Illuminating the two oscillators of Synechocystis sp. PCC 6803 using backscatter measurements

Presented in

Poster Session 2

Poster topics

Microbial Cell Biology

Authors

Florian P. Stirba (Düsseldorf / DE), Anika Wiegard (Düsseldorf / DE), Nicolas M. Schmelling (Düsseldorf / DE), Alice Pawlowski (Düsseldorf / DE), Kim N. Sebastian (Freiburg i. Br. / DE), Lutz C. Berwanger (Düsseldorf / DE), Nikolaus Thumm (Düsseldorf / DE), Annegret Wilde (Freiburg i. Br. / DE), Ilka M. Axmann (Düsseldorf / DE)

Abstract

Circadian clocks are a mechanism that evolved in diverse groups of species. Although their details differ, their purpose is always the same. Through a central oscillator with a period of ~24 hours, daily changes in the environment due to the diurnal cycle can be anticipated. This 24-hour rhythm is robust, even in varying temperature conditions, and can be reset by external stimuli. In the cyanobacterial clock model Synechococcus elongatus PCC 7942 the central oscillator consists of the proteins KaiA, KaiB and KaiC. Through rhythmic phosphorylation and dephosphorylation of KaiC, this oscillator regulates a multitude of cellular processes. Synechocystis sp. PCC 6803 possesses orthologs of this core oscillator but additionally exhibits two paralogs of KaiB and KaiC. Our recent findings have uncovered a novel chimeric KaiA-like protein (KaiA3) which completes the KaiB3-KaiC3 oscillator¹. In a previous study, our group could show that backscatter measurements can detect oscillations in the growth signal of Synechocystis that follow the circadian rhythm². To investigate the newly discovered KaiA3-KaiB3-KaiC3 oscillator and its influence on the circadian rhythm of Synechocystis, we used online backscatter measurements of several knockout mutants of the kai genes. Our results show that knockouts of kaiC3 and kaiA3 lead to reduced amplitude and shifted phase whereas knockout of kaiB3 almost completely abolishes oscillation. These results suggest a connection between the two oscillators of Synechocystis which indicates that bacterial circadian clocks may be more complex than previously thought. Since kai homologs were detected in several prokaryotes including archaea, the impact of these results may reach beyond cyanobacteria.

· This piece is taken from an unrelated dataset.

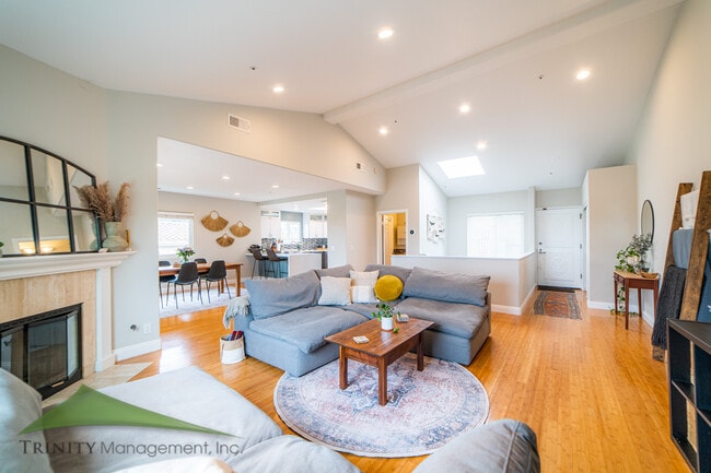 Gorgeous home in this gated community in Encinitas that is truly a hidden gem! Open floorplan with vaulted ceilings upstairs allows sunlight to flow into the living areas and kitchen. Updated kitchen with eat up bar with adjacent dining area that spills out onto the large deck with beautiful city and mountain views. Downstairs you have two large dual master bedrooms, one with a bonus room perfect for an office or craft room. Enjoy the peaceful low maintenance backyard with patio area and zen like succulent garden. 2-car garage with storage and washer / dryer. A/C. Great location in the heart of Encinitas, close to shopping, restaurants, beaches and more!

Köbler, C. et al. Two circadian oscillators in one cyanobacterium. bioRxiv preprint (2023) doi:10.1101/2021.07.20.453058.Berwanger, L. C. et al. Self-sustained rhythmic behavior of Synechocystis PCC 6803 under continuous light conditions in the absence of light-dark entrainment. bioRxiv preprint (2023) doi:10.1101/2023.09.26.559469.